Мне надоело ехать на лошади. Я шел пешком, и от непривычки ходить в горах мои пятки ужасно болели. Теоретически меня проинструктировали, как ходить в горах: на подъемах не напрягать ноги, а на спусках совсем расслаблять. Теперь я проверял теорию на деле. Тенгиз Абуладзе с самого начала похода шел впереди. За мной персонально был прикреплен поэт, сценарист и редактор Анзор Салуквадзе. Он не спускал с меня глаз. Я иногда увлекался съемкой и останавливался, чтобы найти нужную мне точку. От необычного зрелища разбегались глаза: мне хотелось многое снять, все рассмотреть, а нам было необходимо засветло успеть в Шатиль. Анзор торопил меня: вперед и только вперед. Я снова садился на лошадь и из седла смотрел вниз на ползущий змеей грохочущий Аргун...

Гул реки был неправдоподобно объемен.
Узкая тропинка казалась еще уже.
От высоты кружилась голова...

Такие места я проходил пешком. Но один раз, доверившись лошади, проехал верхом. Над обрывом лошадь шла уверенным шагом. Иногда вздрагивала оттого, что вьюки касались скал, но еще больше она пугалась моего вздрагивания, когда я подпрыгивал при прикосновении ноши к скале... Мне казалось, что я проплываю над пропастью. Чтобы побороть жуткое чувство страха, я старался не смотреть в бездну...

Последние лучи солнца золотили верхушки ущелья. Остановившись у скалы, я начал искать ракурс съемки. Внизу подо мной неистовствовала река Аргун. В этом месте тропинка над обрывом была уже обычной. За мной на лошади ехал Реваз Иванович. Не успел я прижаться к скале, чтобы нажать на спуск фотоаппарата, как в ту же секунду почувствовал сильный удар в грудь. В глазах потемнело... Сознание не успело еще оценить происшедшее, а глаза уже видели, как что-то, переворачиваясь, полетело в пропасть... Очнувшись, я сообразил, что необходимо бежать вперед, где тропинка резко опускалась к воде. Оттуда я увидел, что бурлящая, пенистая река уносила спальный мешок, который спасти уже было невозможно. Я поднял голову. Над обрывом, ухватившись руками за дерево, висел Реваз Иванович, а над ним стояли люди и спускали веревку. Единственное дерево, за которое держался Реваз Иванович над тридцатиметровой пропастью, спасло его от смерти... Снизу я видел, как вытаскивали на веревке пострадавшего... Я поднялся наверх. Мне рассказали, что у лошади, на которой ехал Реваз Иванович, оборвалась подпруга. Лошадь при обрыве ремня перепугалась и опрокинула ездока с ношей в пропасть. Та же испуганная лошадь на скаку ударила меня. Только теперь я сообразил, что от несчастья меня спас фотоаппарат. Если бы я при съемке не прижался к скале, а шел прямо по тропинке, перепуганная лошадь проскочила бы между скалой и мной и своим боком столкнула бы меня... Какое счастье!
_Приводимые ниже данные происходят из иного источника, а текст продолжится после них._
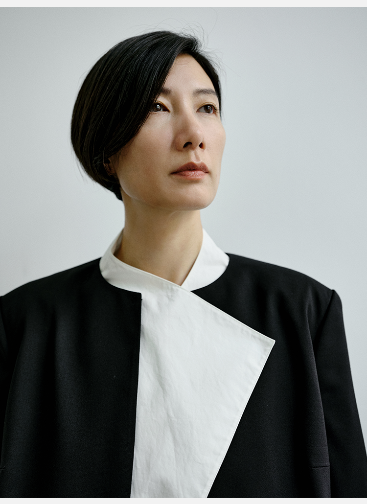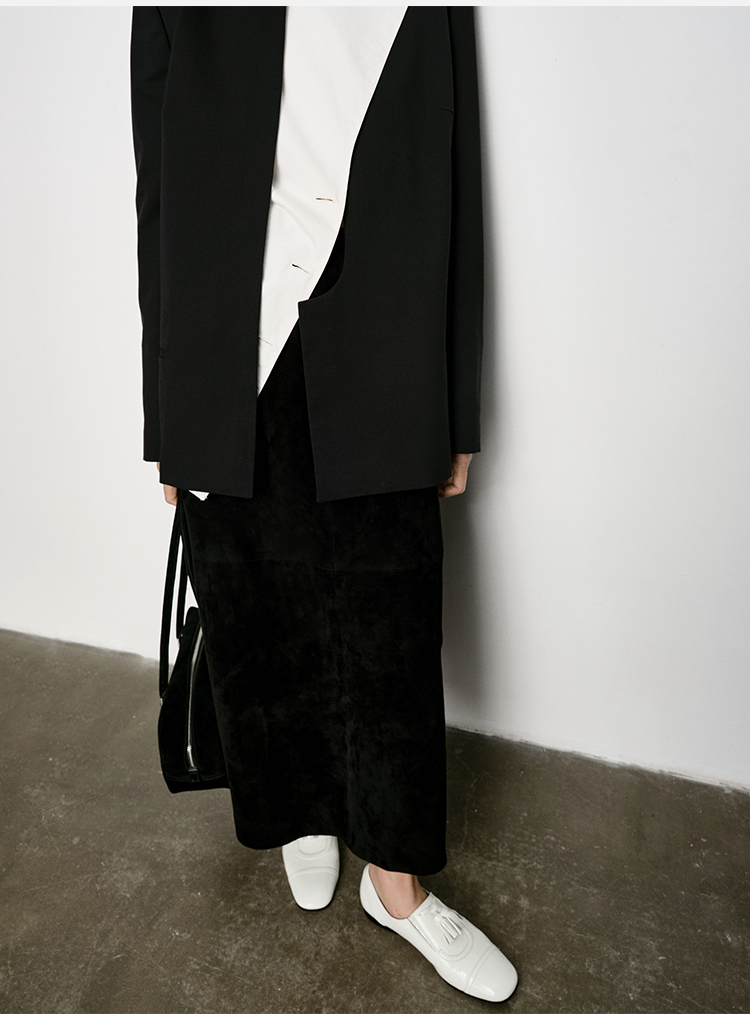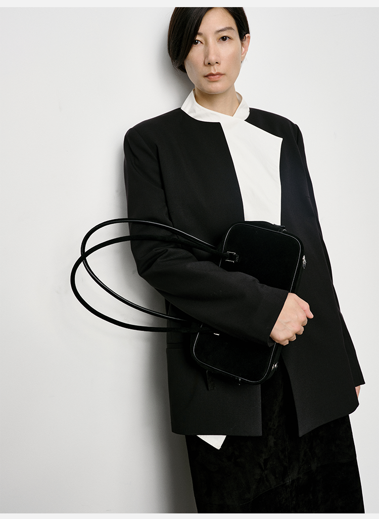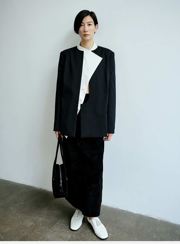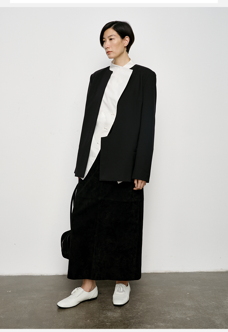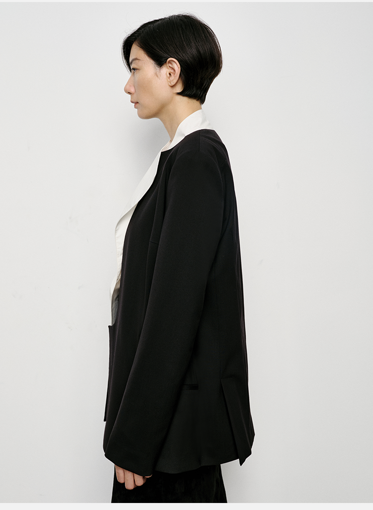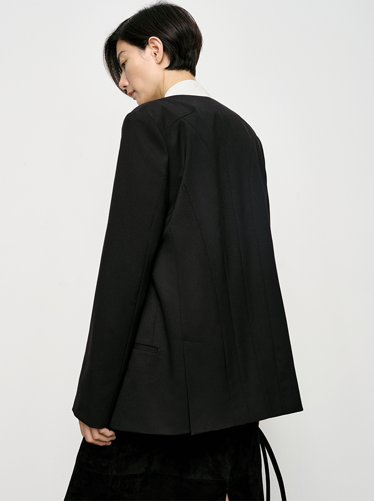 HIDEMI 可机洗羊毛极简结构感不对称门襟圆领西装西服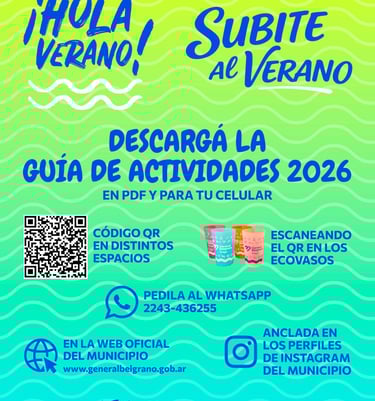 En el dia de hoy, la municipalidad de Gral. Belgrano presento un programa de eventos y actividades para que disfruten grandes y chicos, una variada oferta como cine, obras de teatros, plazas blanda en casa de la cultura, actividades en el Museo, circo en los parajes rurales, torneos de futbol, voley, basquet, torneos de FiFa, espectáculo de magia, espectáculo de magia, suelta de libros, visitas guiadas en el Bosque Encantado y Museo, como así tambien y cicloturismo en la zona balnearia.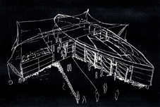 Das Gebäude ist für die zehnmalige Verwendung auf einer alljährlich stattfindende Ausstellung in Wales als leicht auf- und abbaubare modulare Struktur geplant. Das Raumkonzept besteht aus drei getrennten Bereichen, einem großen Ausstellungsbereich, einem überdachten Freibereich und einem Kinogebäude. Das Konstruktionsprinzip des Ausstellungsbereichs besteht aus einer aufgestelzten, durch einen Zuggurt verspannten linsenförmigen Randträgerebene, die durch ein pneumatisches Dach ausgesteift wird. Von diesen Träger werden pivotierend die immer gleich großen, zu öffnenden Wandelemente abgehängt. |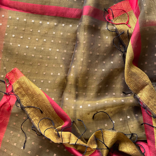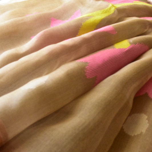 Maslin Brown Jamdani Saree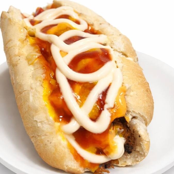 Maionese,mussarela,pernil,vinagrete,catchup,mostarda e chadder.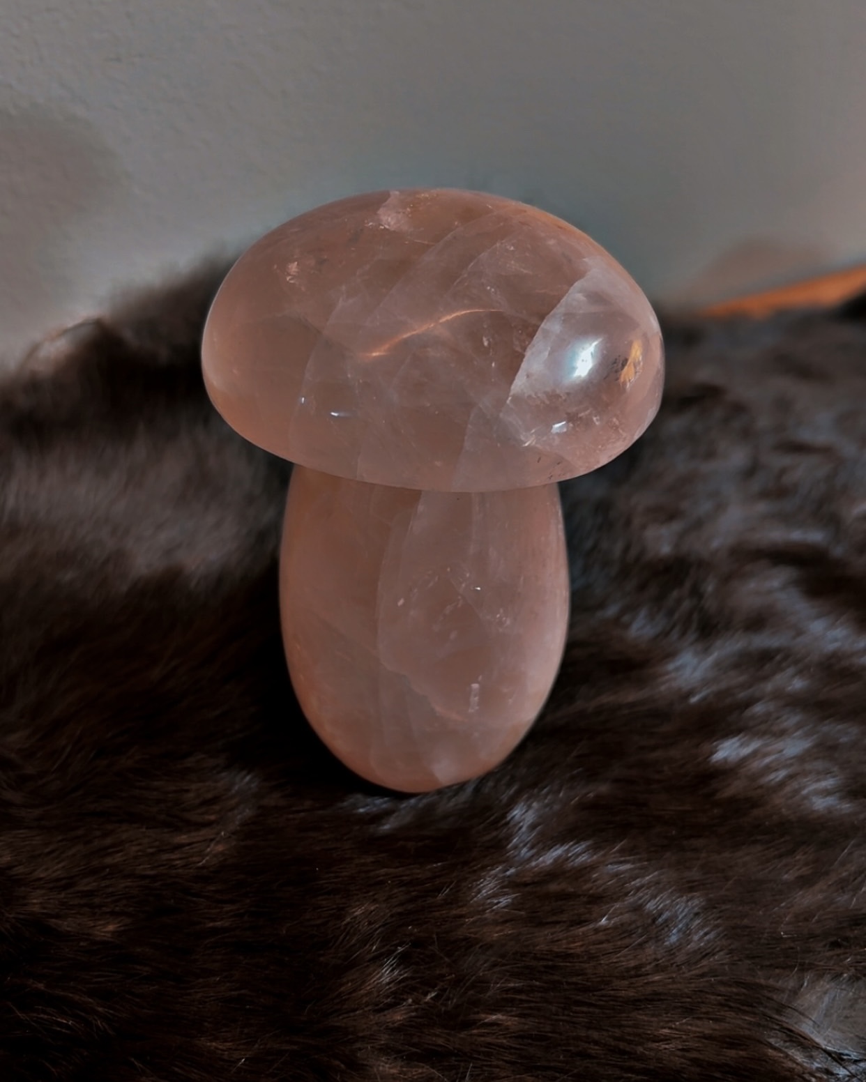 Unlike larger rose quartz forms that anchor or project, this mushroom works subtly. Its energy is intimate and companionable, making it especially well-suited for bedside tables, desks, children-at-heart altars, or spaces where comfort and gentleness are needed.
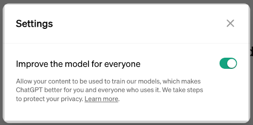 OpenAI에서는 사용자가 제공한 데이터를 학습 목적으로 사용하지 않도록 설정할 수 있습니다.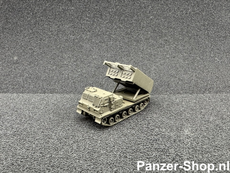 This 1:160 N scale model represents the M270 Multiple Launch Rocket System (MLRS), a modern tracked artillery vehicle developed by the United States. The M270 has been widely used by NATO forces since the 1980s and is known for its ability to launch a variety of rockets and missiles with high precision. In service with the US Army, British Army, German Bundeswehr and several allied nations, the M270 played a crucial role in modern artillery tactics. This detailed model is ideal for dioramas, military model collections and N scale railway layouts.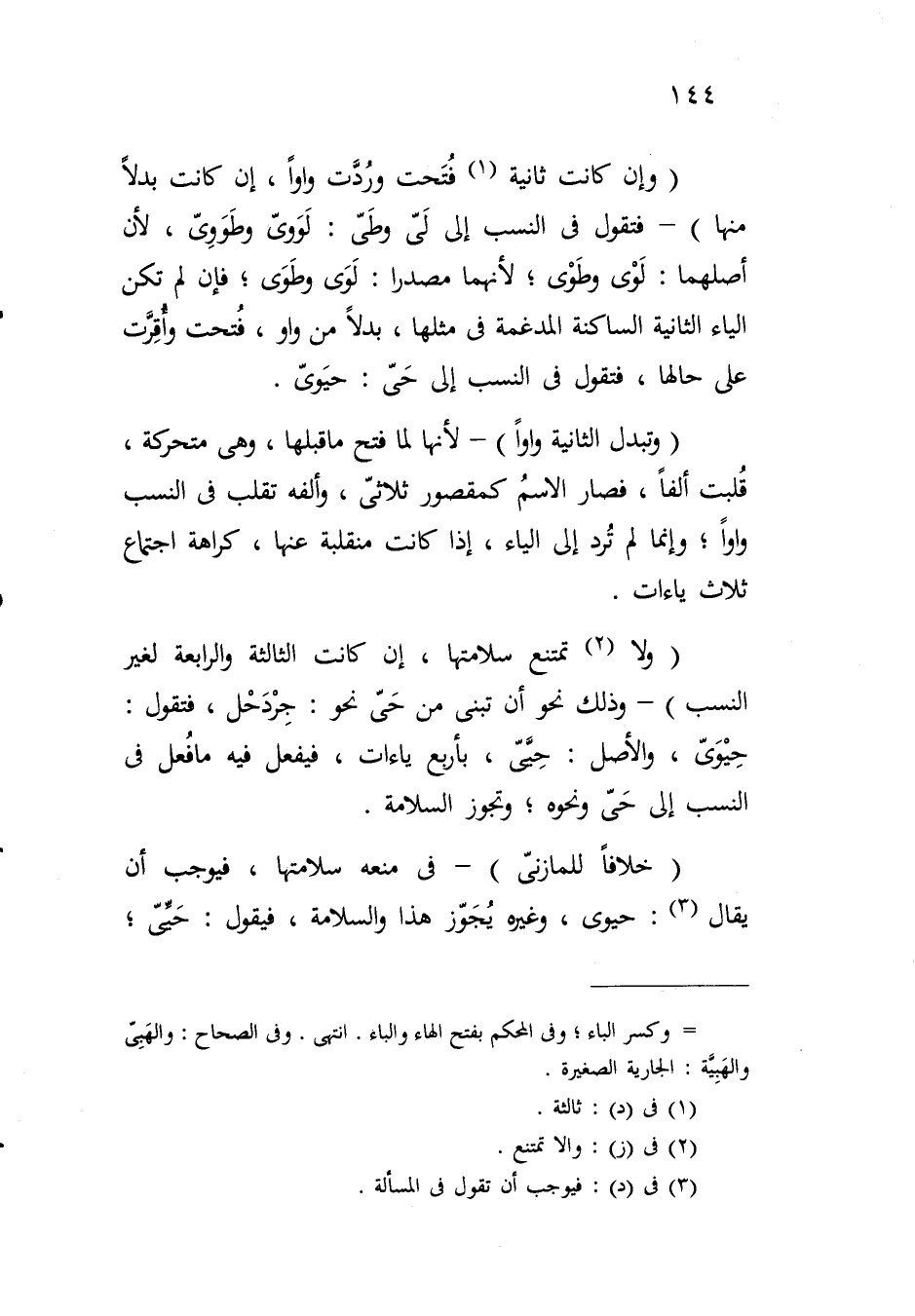 (وإن كانت ثانية فتحت وردت واواً، إن كانت بدلاً منها) - فتقول في النسب إلى لي وطي: لووي وطووي، لأن أصلهما: لوي وطوي؛ لأنهما مصدرا: لوى وطوى؛ فإن لم تكن الياء الثانية الساكنة المدغمة في مثلها، بدلاً من واو، فتحت وأقرت على حالها، فتقول في النسب إلى حي: حيوي.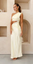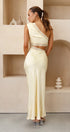Figürünüzü güzel bir şekilde çerçeveleyen şık, tek omuzlu tasarıma sahip, çarpıcı maksimum uzunlukta elbisemizle zarafeti kucaklayın. Göz alıcı yan bel kesimi, modern bir dokunuş katarak her türlü kalabalığın içinde öne çıkmanızı sağlar. Zarif dantel kenar detaylandırması elbisenin zarafetini artırıyor ve onu özel günler için mükemmel kılıyor.
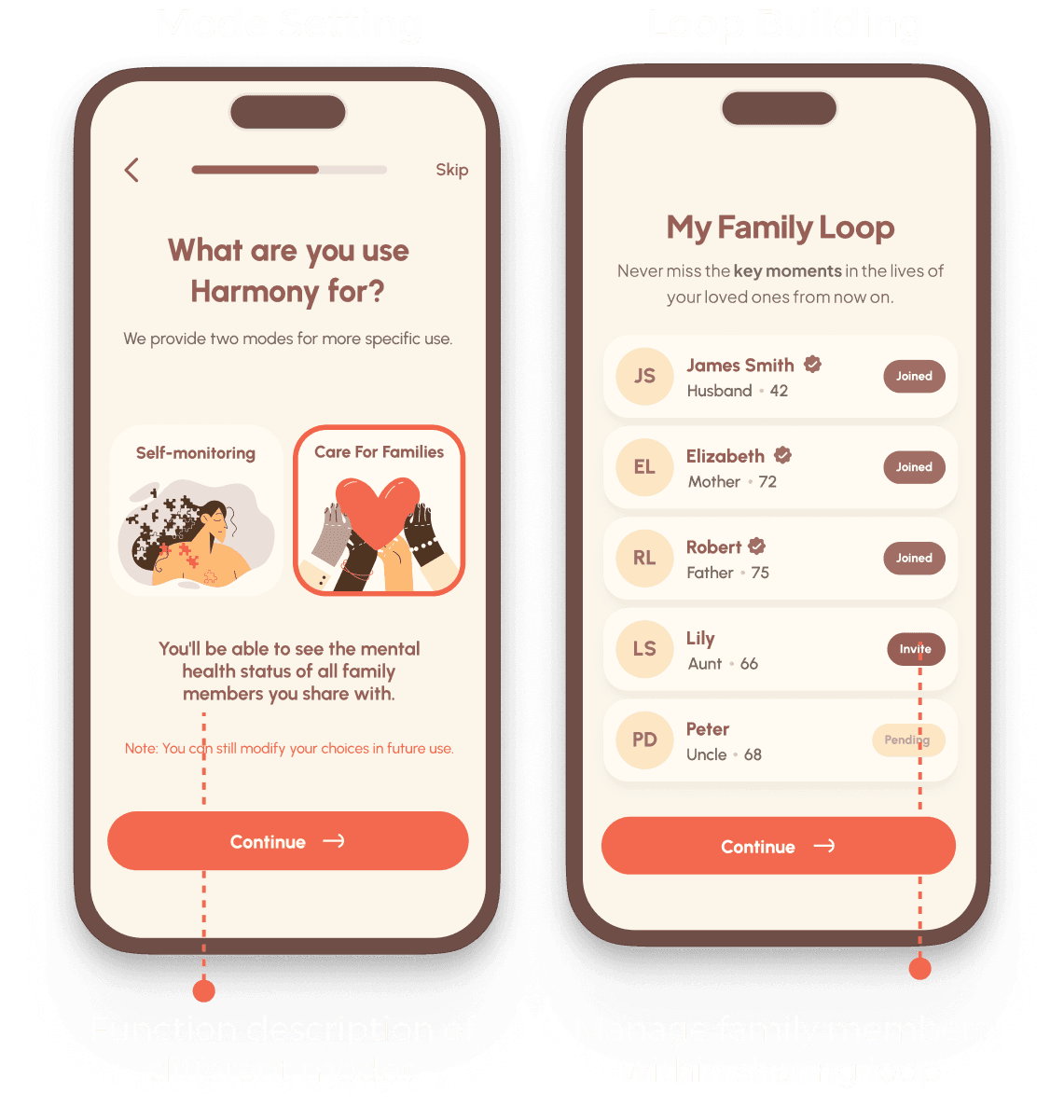 Unclear information presentation led to confusion about data boundaries and control. Caregivers were unsure what they could access, while users worried about oversharing.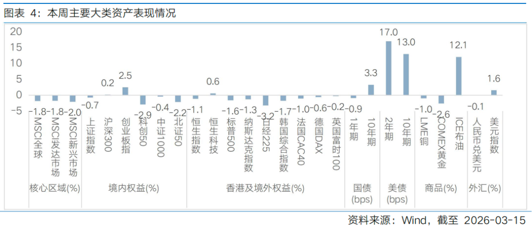 美伊冲突第二周,地缘紧张局势依然是本周全球市场叙事的核心,资产定价反映油价上涨引发的经济滞胀预期和流动性收紧预期。本周美伊冲突进入相持阶段,霍尔木兹海峡持续封锁,此外在冲突中,一些中东国家的炼油设施遭遇袭击,短期供给能力也受到影响,在此背景下原油价格继续呈现剧烈波动,本周布油价格盘中一度逼近120美元/桶,而后因特朗普称“战争即将结束”冲高回落,不过最终依然收于100美元/桶上方。上周我们提到,基于油价上涨→通胀预期抬升→降息预期下调→流动性冲击这条逻辑链,油价飙升会强化对于经济滞胀的担忧和“Higher for Longer”的鹰派预期,本周市场逐渐定价油价大涨下的经济滞胀预期和流动性收紧预期,全球股票、债券市场呈现不同程度回落,美元、原油偏强,后续持续关注美伊局势进展以及下周美联储议息会议声明。对于中国而言,经过近年来的优化调整,中国能源消费结构已变得更加多元,对单一能源的依赖度显著降低。目前,石油和天然气在中国一次能源消费中的占比仅为27.0%,且在石油资源供给端,我国的布局也较为多元。因此,从本轮中东局势升级以来,相较于日韩,A股彰显出相对韧性,不过在全球风险偏好承压和地缘紧张局势仍具不确定性的背景下,短期内A股或维持震荡格局。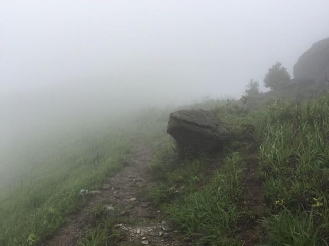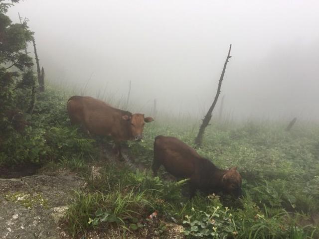此时雾霭起来了,能见度只有三四米,看不到前方,幸好山梁上牛走的道还是比较清澈,顺着牛走过的道,按指南针指的方向前进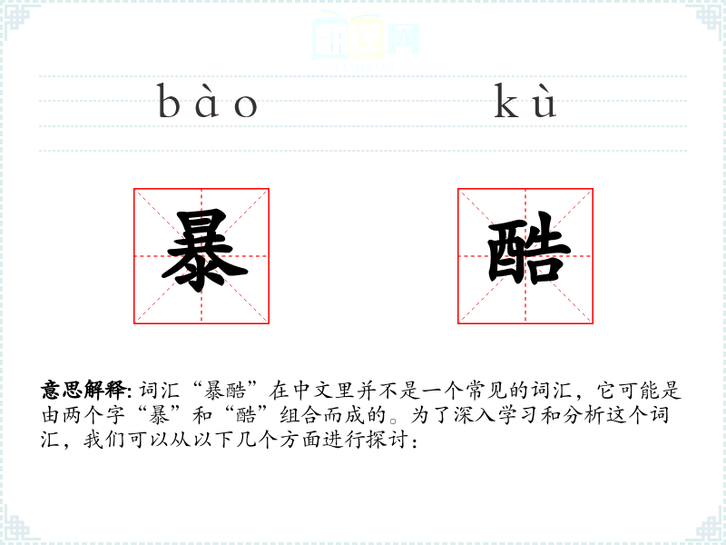 词汇“暴酷”在中文里并不是一个常见的词汇,它可能是由两个字“暴”和“酷”组合而成的。为了深入学习和分析这个词汇,我们可以从以下几个方面进行探讨:
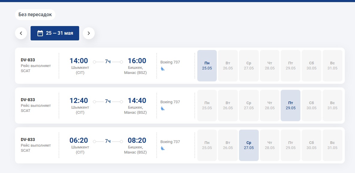 Рейсы будут выполняться с частотой два раза в неделю. Время в пути составит около семи часов, без пересадок. Пунктом прибытия станет Международный аэропорт Манас — главный авиационный хаб Кыргызстана, обеспечивающий удобные стыковки и развитую инфраструктуру для пассажиров.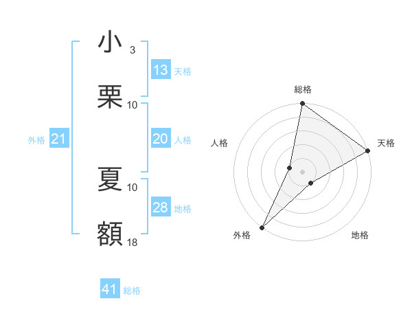 小栗 夏額さんを姓名の画数から五運を鑑定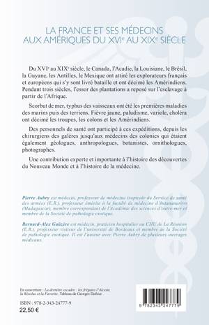Du XVIe au XIXe siècle, le Canada, l’Acadie, la Louisiane, le Brésil, la Guyane, les Antilles, le Mexique ont attiré les explorateurs français et européens qui s’y sont livré bataille et ont décimé les Amérindiens. Scorbut de mer, typhus des vaisseaux ont été les premières maladies des marins puis des terriens. Fièvre jaune, paludisme, variole, choléra ont décimé les troupes, les colons et les Amérindiens. Des personnels de santé ont participé à ces expéditions, depuis les chirurgiens des galères jusqu’aux médecins des colonies. Une contribution experte et importante à l’histoire des découvertes du Nouveau Monde et à l’histoire de la médecine.

Мое счастье уложилось в одну сотую долю секунды скорости затвора фотоаппарата, который приготовился «щелкнуть» очередной (какой уже по счету?!) кадр!

Быстро начало темнеть. Реваза Ивановича усадили на лошадь. Мы продолжали путешествие...

Ночь наступила мгновенно.
Глаза также мгновенно привыкли к темноте.
Темнота еще больше усилила шум реки.
Наши движения стали напряженно осторожными...

Скоро мы увидели множество светляков, которые указывали нам дорогу. Реваз Иванович держался молодцом, говорил, что у него ничего не болит... (Позже, через два дня, в районном центре Хевсуретии Борисахо в больнице у Реваза Ивановича обнаружили перелом ребра.)

‹…› Возле Шатили есть гора, напоминающая орган. Вода и ветер, потрудившись веками, соорудили для нашего фильма натуру-пролог...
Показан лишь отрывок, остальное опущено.